Why LLMs Don't Think in Embeddings (Yet)
If you’ve ever looked at a multi-agent system’s log, you know the feeling: two LLMs talking to each other like two interns on an email thread, restating context with every message, burning tokens on “as we established earlier” and “per your previous analysis.” It’s inefficient, and everyone knows it — we’ve already broken down the hidden costs of multi-agent systems in a separate post.
The fix has been on arXiv for years and is finally landing in real systems: instead of text, agents send each other vectors (embeddings, hidden states) directly. No token sampling, no bottleneck through natural language.

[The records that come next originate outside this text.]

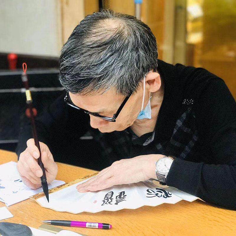 📚 王兴基空白宣纸折扇题字黄精男扇文湾竹中式古风民俗扇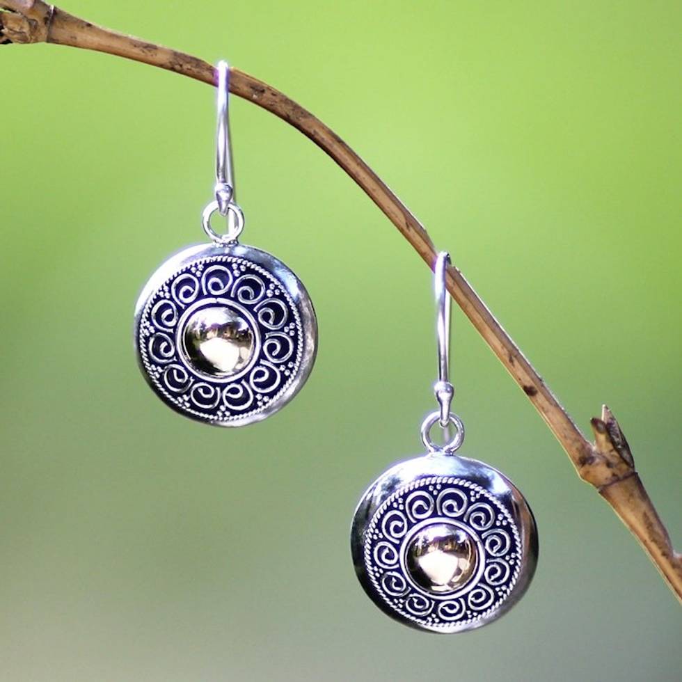 Artisan Crafted Gold Accent and Silver Earrings 'Golden Sunflowers' Item ID: 2671699088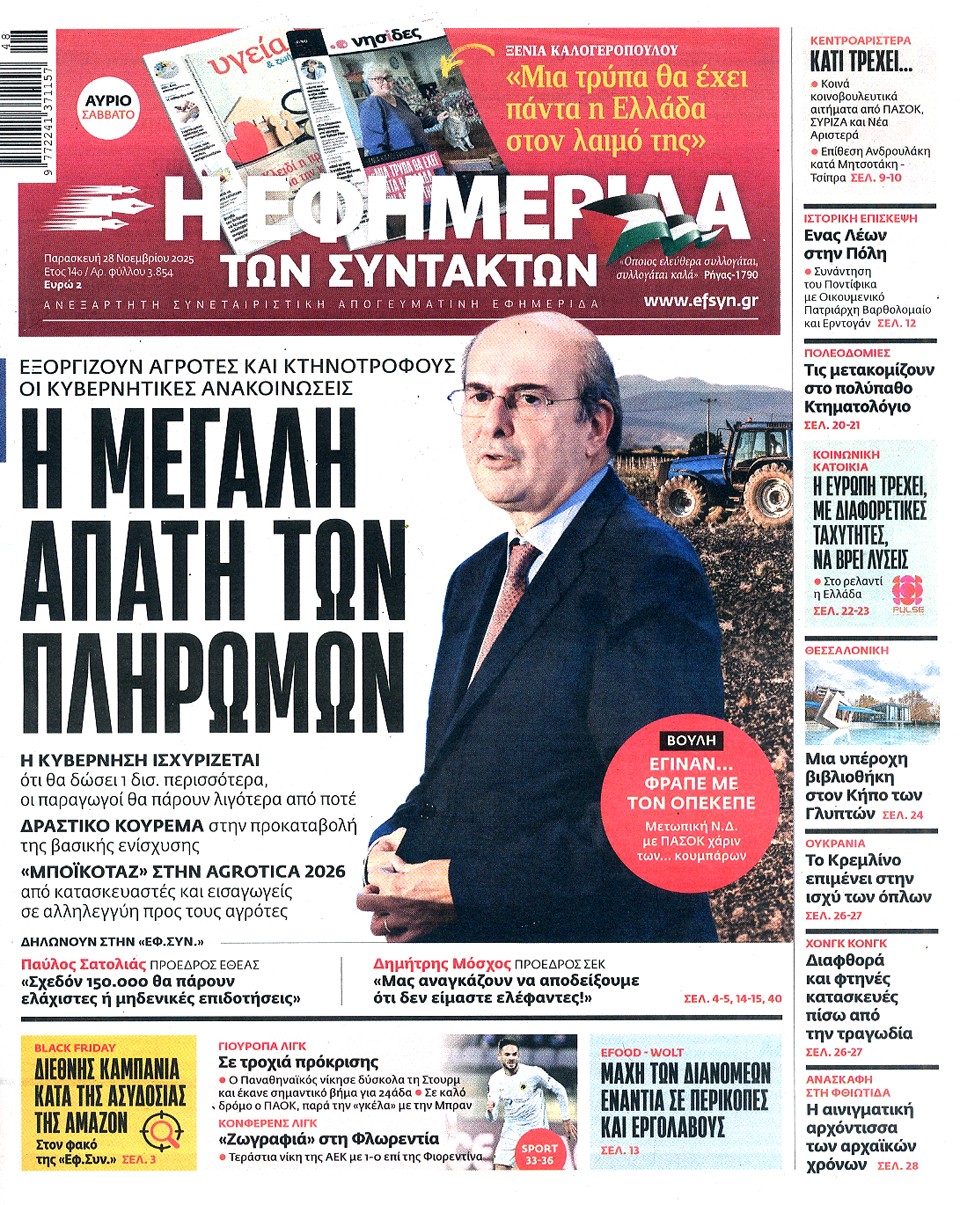 Η ΕΦΗΜΕΡΙΔΑ ΤΩΝ ΣΥΝΤΑΚΤΩΝ - 28 Νοεμβρίου 2025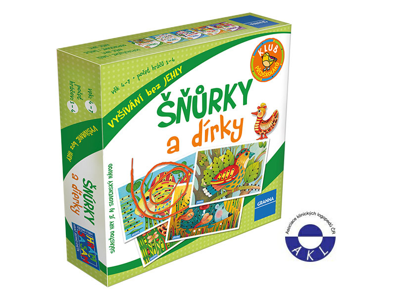 Vzdělávací hra z řady KLUB PŘEDŠKOLÁKŮ pro 1 až 4 hráče od 4 do 7 let v dětech probouzí estetické cítění a cit pro barvy i jejich správnou kombinaci. Zároveň zdokonaluje a procvičuje jemnou motoriku a schopnost soustředění. Děti provlékají otvory v kartičkách různobarevné šňůrky a vytvářejí tak obrázky, které mohou vypadat pokaždé trochu jinak. Vše závisí na fantazii dítěte.

Then comes the obvious question. If it works between agents, why don’t models think that way too? Why does the chain of thought stay as text when it could be a dense vector?
Spoiler: it’s been tried. Spoiler two: there’s a reason Anthropic, OpenAI, DeepMind, and 40 more researchers co-signed a paper saying they hope the idea doesn’t spread.
The bandwidth argument
The number that keeps appearing in all these papers is hard to argue with: a text token carries roughly 15 bits of information, while a model’s hidden state carries around 40,000 bits. Three orders of magnitude.
When a model decodes its hidden state to a token, it collapses a rich probability distribution over the entire vocabulary into a single discrete choice. The next reasoning step starts from that information loss. When two models communicate via text, that bottleneck compounds: the sender collapses its internal state to a linear token sequence, the receiver has to reconstruct an internal state from that sequence.
A large chunk of the tokens a model generates in its CoT don’t contribute reasoning — they contribute linguistic coherence. If you strip “Let me think, so first we’d need to…” you’re left with three numbers and an operator. The rest is grammar. This connects to an older debate about how AI thinks in System 1 vs System 2 modes: text-based CoT is basically System 2 forced to verbalize itself.
That’s the motivation. Now let’s look at the two fronts where this is being attacked.
Front 1: agents talking in latent space
Several proposals share the same core idea: instead of agent A sampling a token and agent B embedding it back, A passes B the vector it was about to sample from directly.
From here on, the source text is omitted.